Am Anfang steht ein Notizbuch. Eigentlich ist so ein Notizbuch nichts Besonderes. Beim ersten Anblick sehen wir nur ein Buch mit leeren Seiten. Oder sind es eben die leeren Seiten, die diese besondere Ausstrahlung haben? Sind es nicht die leeren Seiten, die uns still auffordern, sie doch mit Leben zu füllen und ihnen so eine Bedeutung zu geben? So ein leeres Notizbuch hat dann doch seine eigene Anziehungskraft. So ein Notizbuch birgt den Reiz des Neuen und ist zugleich spannend, wir wissen ja selbst noch nicht, was das Buch am Ende beinhalten wird. Und so ein Notizbuch bekam Anne Frank an ihrem 13. Geburtstag geschenkt. Das Notizbuch hätte Anne auch als Poesiealbum nutzen können. Anne machte es jedoch zu ihrem Tagebuch. Und Anne Frank verstand es, ihr Tagebuch mit Leben zu füllen, obwohl ihr Lebensraum im Hinterhaus beengt und begrenzt war. Aber Ihre Gedanken konnte sie frei entfalten und in ihrem Tagebuch festhalten. Aus einem einfachen Notizbuch wurde ein wertvolles und bewegendes Tagebuch. Der Tag des Tagebuchs erinnert uns jedes Jahr an den besonderen Wert von Anne Franks Tagebuch und zugleich inspiriert es uns zum Tagebuch schreiben.

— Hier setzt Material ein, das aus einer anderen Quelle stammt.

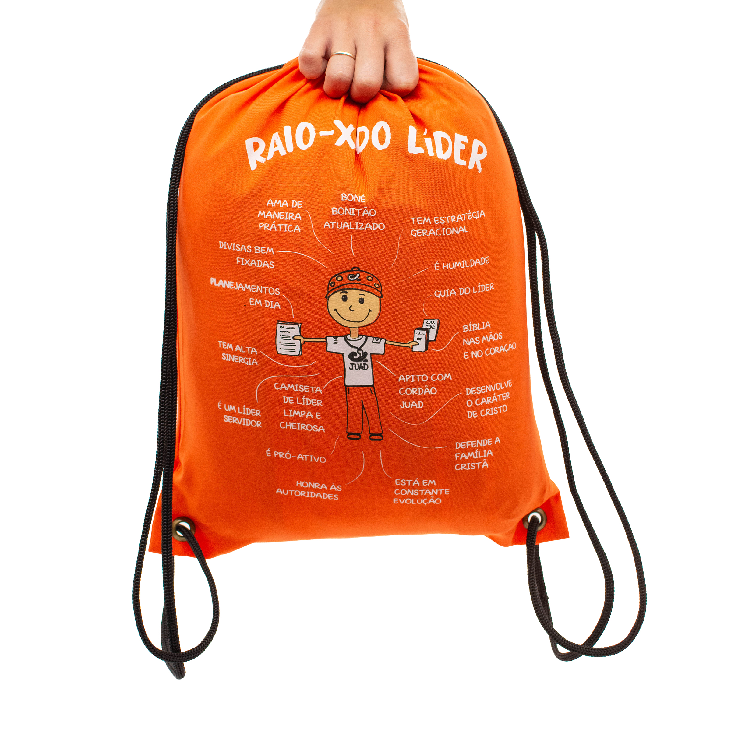 Bolsa modelo "saco de gato" nas cores do JUAD, em tecido tipo lona com estampa Raio-X do Líder JUAD. Ótimo utensílio para o dia-a-dia e os dias de atividades do JUAD.

Welchen Stellenwert hat das Tagebuch heute?
Das Tagebuchschreiben wurde früher kultiviert. Schon durch das Schreiben mit der Hand wurde das Leben entschleunigt. Tagebuchschreiber nahmen sich bewusst Zeit für das Schreiben. Somit fanden sie auch stets genug Zeit für sich selbst. Sie konnten den Tag Revue passieren lassen, Sorgen schriftlich abstreifen, über Erlebtes sinnieren oder reflektieren und Stimmungen einfangen. Wer regelmäßig seine Gedanken und Gefühle per Hand aufschreibt, bewahrt meistens das Tagebuch auf, um später darin zu blättern. Schließlich dokumentiert das Tagebuch das eigene Leben. Der bleibende Wert des Tagebuchs liegt also in der Hand des Schreibers.
Moderne Kommunikationsformen haben andere Tagebuchformen mit sich gebracht. Das Tagebuch schreiben in Echtzeit, also kurze Mitteilungen via Twitter zu verschicken, ist keine Seltenheit. Apps, Blogs und Tagebuch-Communities bieten sich an als Online-Tagebuch. Das Tagebuch ist mobil und flexibel, erlaubt es doch das Schreiben mit PC, Tablet oder Smartphone, sozusagen am Puls der Zeit, ob von Zuhause oder unterwegs. Die mobile Form des Tagebuchs erlaubt es, Gedanken, Meinungen oder Mitteilungen schnell und einfach mit anderen zu teilen. Aktualität ist hierbei meist das führende Kriterium. Tagebücher via Twitter, Blogs oder andere soziale Plattformen leben eher für den Moment, zumindest in den meisten Fällen. Damit wandelt sich jedoch auch der Wert des Tagebuchs. Es geht nicht mehr darum, das eigene Leben auszuloten und Erkenntnisse oder Impulse aus den Tagebucheinträgen zu gewinnen. Vielmehr geht es um das schnelle Mitteilen von Inhalten. Natürlich gibt es auch private Internet-Tagebücher oder öffentliche Blogs, die thematisch ausgerichtet sind und ausführlich auf ein bestimmtes Thema eingehen.
Das Tagebuch – Der Zweck bestimmt die Form
Am Ende steht das Tagebuch, nur die Form zeigt sich inzwischen vielfältiger. Welche Tagebuchform am besten zu uns passt, hängt von dem Verwendungszweck ab. Damit haben wir Tagebuchschreiber heute die Wahl und können ein Tagebuch öffentlich oder privat führen, auf dem Papier oder am PC. Nach Belieben können wir mehrere Tagebücher anlegen und pflegen. Wir selbst bestimmen darüber, welcher Stellenwert das Tagebuch schreiben für uns hat. Es liegt in unserer Hand. Wir verleihen unserem Tagebuch die Bedeutung, indem wir es nach unseren Wertvorstellungen gestalten.